Exercise details:
When you copy the entries, keep every word exactly as it is and drop the images.

Stored records

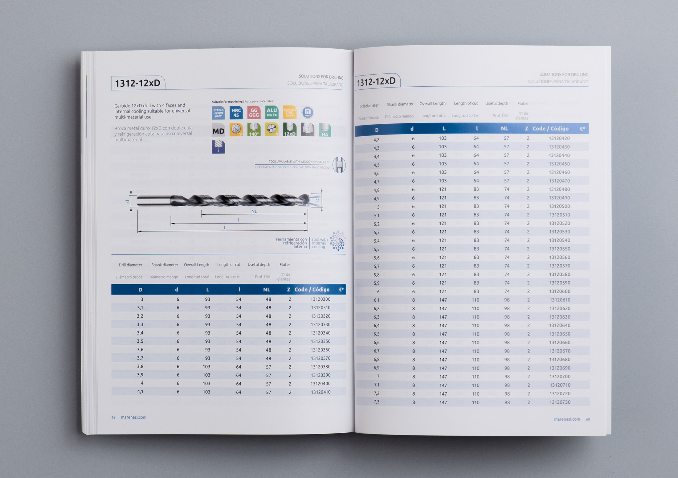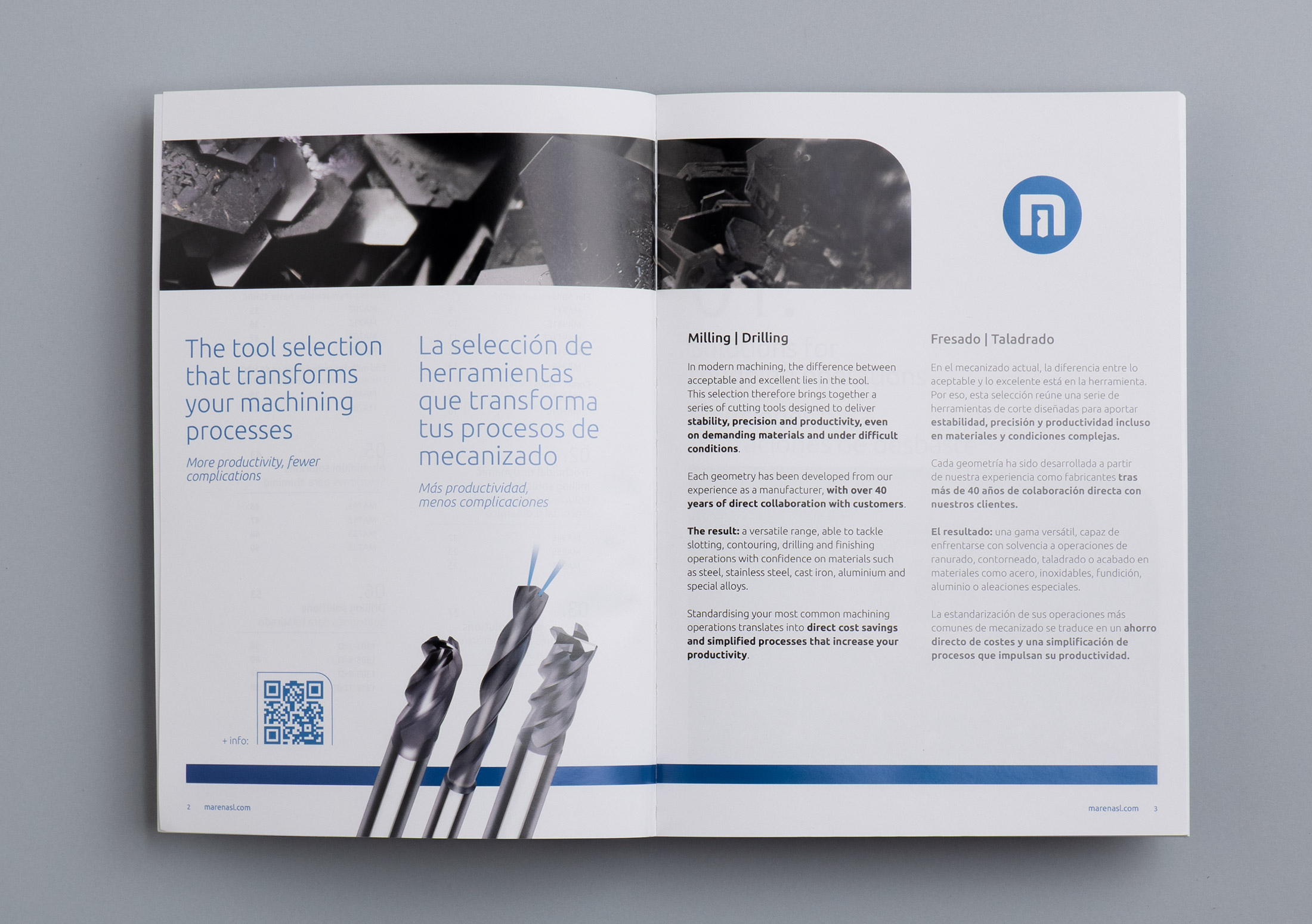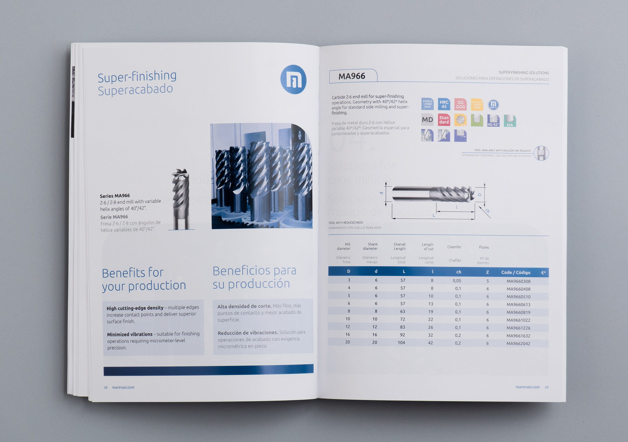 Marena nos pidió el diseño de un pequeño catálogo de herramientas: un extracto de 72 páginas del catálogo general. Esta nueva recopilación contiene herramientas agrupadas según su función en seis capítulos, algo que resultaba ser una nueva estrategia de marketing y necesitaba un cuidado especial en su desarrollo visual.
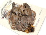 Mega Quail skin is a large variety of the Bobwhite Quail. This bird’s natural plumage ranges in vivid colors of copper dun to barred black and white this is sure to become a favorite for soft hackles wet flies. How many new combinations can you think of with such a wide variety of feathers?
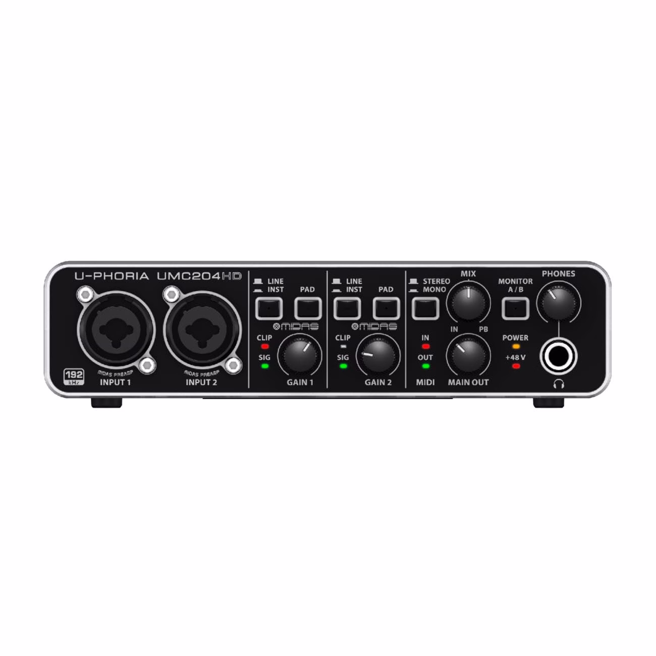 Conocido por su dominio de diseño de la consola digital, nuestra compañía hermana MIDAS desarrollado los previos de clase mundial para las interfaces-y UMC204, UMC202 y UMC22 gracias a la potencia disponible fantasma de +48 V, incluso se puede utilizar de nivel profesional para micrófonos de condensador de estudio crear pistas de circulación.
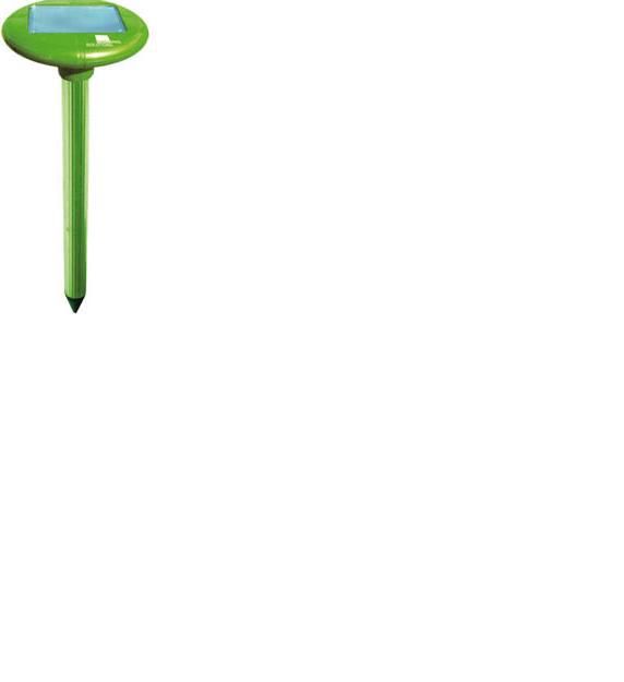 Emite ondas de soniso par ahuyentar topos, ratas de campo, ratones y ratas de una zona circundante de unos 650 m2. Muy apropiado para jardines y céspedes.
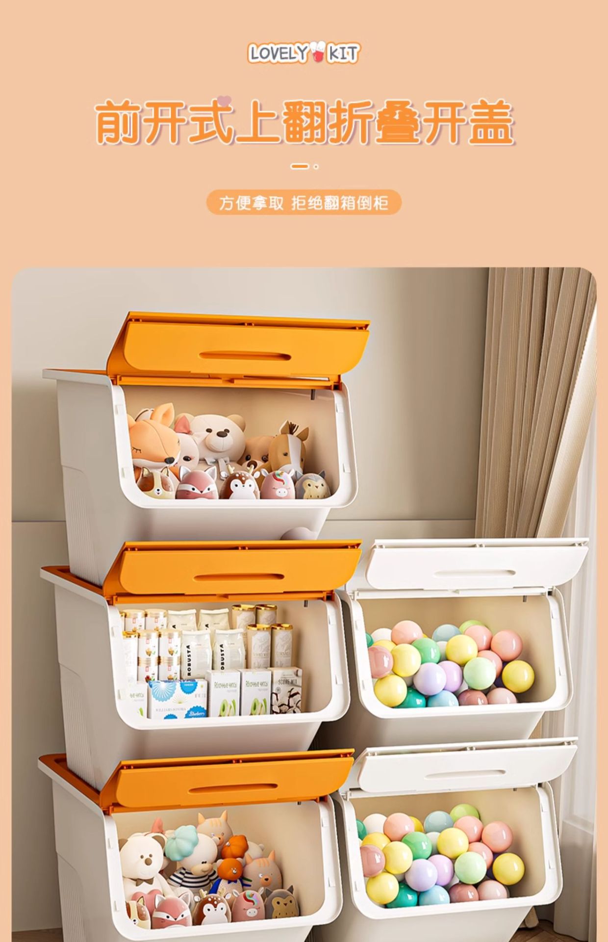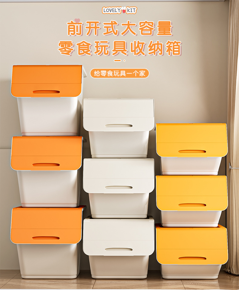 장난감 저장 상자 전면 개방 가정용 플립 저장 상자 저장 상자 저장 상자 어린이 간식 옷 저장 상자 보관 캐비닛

Result of the task:
 Marena nos pidió el diseño de un pequeño catálogo de herramientas: un extracto de 72 páginas del catálogo general. Esta nueva recopilación contiene herramientas agrupadas según su función en seis capítulos, algo que resultaba ser una nueva estrategia de marketing y necesitaba un cuidado especial en su desarrollo visual.
 Mega Quail skin is a large variety of the Bobwhite Quail. This bird’s natural plumage ranges in vivid colors of copper dun to barred black and white this is sure to become a favorite for soft hackles wet flies. How many new combinations can you think of with such a wide variety of feathers?
 Conocido por su dominio de diseño de la consola digital, nuestra compañía hermana MIDAS desarrollado los previos de clase mundial para las interfaces-y UMC204, UMC202 y UMC22 gracias a la potencia disponible fantasma de +48 V, incluso se puede utilizar de nivel profesional para micrófonos de condensador de estudio crear pistas de circulación.
 Emite ondas de soniso par ahuyentar topos, ratas de campo, ratones y ratas de una zona circundante de unos 650 m2. Muy apropiado para jardines y céspedes.
 장난감 저장 상자 전면 개방 가정용 플립 저장 상자 저장 상자 저장 상자 어린이 간식 옷 저장 상자 보관 캐비닛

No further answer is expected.